MYSTERE CHAMBRE VERTE VERY TITRE
 

Le papier tenture était vieux rose.

Le papier du salon, bien entendu – car, pour la chambre, elle était vouée au vert, un délicieux vert Trianon.

« Oui, messieurs, déclara Mme Émilienne de Rouvres, il était à peu près deux heures du matin. Je dormais. Soudain… »

Émue au souvenir de son aventure, Mme de Rouvres frémit à ce « soudain. » Deux auditeurs, assis en face d’elle, frémirent aussi, respectueusement, avec un tact parfait. L’un était l’inspecteur Jean Martin, de la police judiciaire ; l’autre, le détective privé Marcel Fermier, attaché au service de la Cie Sirius, à laquelle un contrat d’assurances contre le vol et l’incendie liait Mme de Rouvres.

Il était dix heures du matin. Le cri des freins de triporteurs conduits « à tombeau ouvert » par des garçons bouchers ou épiciers troublait seul la quiétude de la rue des Sablons, à Paris.

« Soudain, reprit Mme de Rouvres, des craquements, dans le couloir, m’éveillent en sursaut. Je donne de la lumière : « Qui va là ? » Point de réponse : « Qui est là ? » Silence. Je vis seule, messieurs, et je ne garde ici aucune arme. Je me lève, néanmoins, et m’avance jusqu’au seuil de ma chambre. À cet instant, un individu masqué se dresse devant moi. Avant que j’aie le temps d’appeler, il se rue sur moi… »
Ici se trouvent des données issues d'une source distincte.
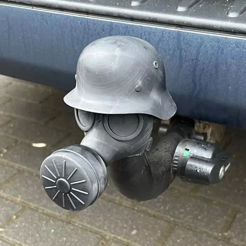 Trailer Hitch Cover With Steel Helmet And Gas Mask 3D Printed Trailer Hitch Ball Cover Prevent Receiver Tube From Rusting
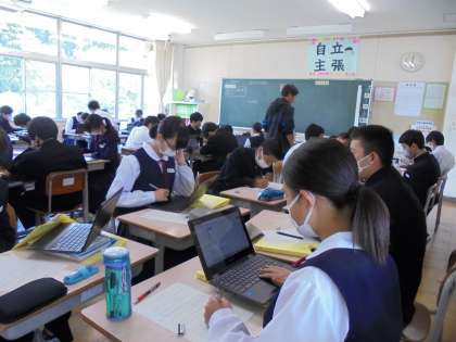 また、保健体育の授業では、タブレットPCを使い「自分に合った走り幅跳びの跳び方」を調べ考えました。次の実技の時間に活かされることでしょう。
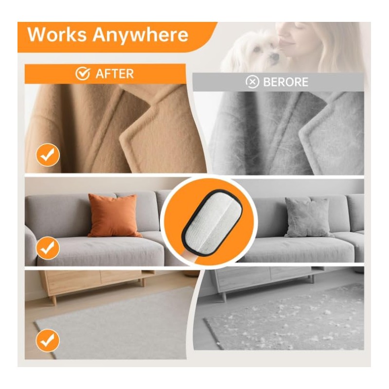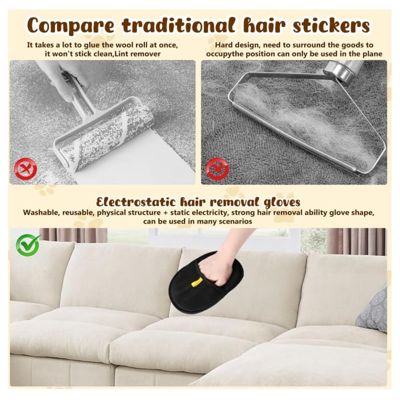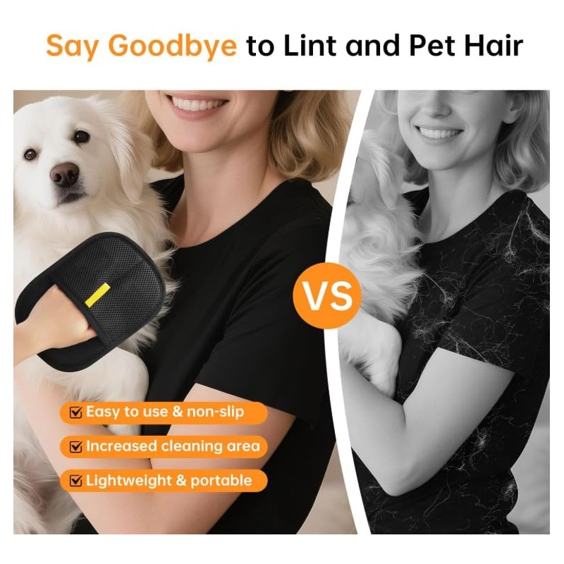 - Versatile Use: Works on all fabric surfaces—clothes, furniture, and car seats Comfortable Fit: Soft material keeps hands comfortable even during prolonged use
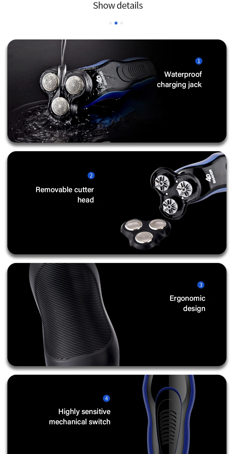 Информация о продукте Удобная конструкция кнопки переключенияИндивидуально плавающийЭргономичная ручкаВлажная и сухая бритваИнтерфейс USBНапряжение: 5 ВтНапряжение: 110-240 ВВремя зарядки: 8 часовВремя работы: 60 минутУровень водонепроницаемости: IPX7Совет: режущая головка может быть открыта для легкой очистки рег.
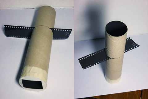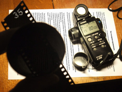 Теперь из пяти кусков нужно выбрать один с нужной максимальной плотностью. Чтобы визуально определить нужную максимальную плотность, я обычно делаю так: 1. Кладу на стол лист чистой белой офисной бумаги и освещаю его настольной лампой. 2. Замеряю экспонометром отражённый свет от бумаги. 3. И меняя высоту лампы добиваюсь, чтобы экспозиция была около 13 EV (125/8 при ISO 100). 4. Заменяю чистый лист на точно такой же, но с чётко напечатанным текстом размером примерно 12-14 пунктов. 5. Через проявленные кусочки плёнки рассматриваю лист бумаги с текстом. Расстояние от плёнки до бумаги — 30-40 см, от глаза до плёнки — вдвое меньше. При рассматривании тестов нужно максимально исключить влияние паразитного света. Я для этих целей сделал трубку-тубус с прорезью для плёнки, выкрашенную изнутри чёрной матовой краской:
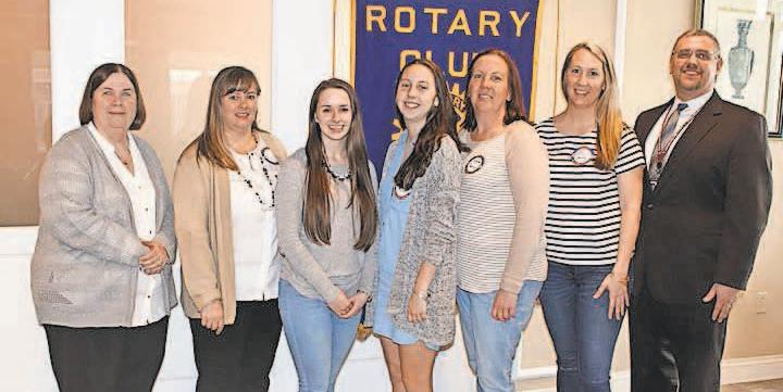 Oxford Area High School students Amanda Hicks and Erin Oechsle were honored as Oxford Rotary Club Seniors of the Month for March. Pictured from left are Oxford Rotary Club President Marilyn Knaub, M.D., Linda and Amanda Hicks, Erin and Michelle Oechsle and Erin’s sister Paige, and principal Christopher Dormer.

Les traits de l’inspecteur et ceux du détective privé présentaient, avec un ensemble comique, une série d’expressions de circonstance : admiration pour la crânerie manifestée par Mme de Rouvres, anxiété en raison du danger couru, horreur, à la pensée des barbares traitements qu’elle avait peut-être subis.

Le visage de Mme de Rouvres, pomponnée, bichonnée, était coloré par un émoi rétrospectif et aussi, eût-on dit, par le reflet du papier du salon. Un Anglo-Saxon irrévérencieux eût appelé cette dame une chère vieille rose chose.

Non qu’elle fût âgée. Elle avouait la quarantaine. À peine si elle l’avait passée. Enfin, elle n’avait guère plus de cinquante ans.

C’était une personne du meilleur monde, aux appâts opulents, et qui avait été fort séduisante, vers 1910 – de même que son salon avait été du plus ravissant Louis XVI, du temps qu’un mobilier heureusement choisi le garnissait.

Hélas, les commissaires-priseurs avaient passé là, et les fauteuils tendus d’authentique Aubusson, les meubles de bois de rose marqueté s’étaient vus dispersés « au feu des enchères. » Symbole des époques fastes, seul demeurait le papier vieux rose. Et le visage, aussi, de Mme de Rouvres, hélas, avait été éprouvé par le temps, cet impitoyable commissaire-priseur de la beauté. Seuls, persistaient l’éclat de l’œil et l’incarnat des joues, rehaussés par le khôl et les fards, s’il faut tout dire.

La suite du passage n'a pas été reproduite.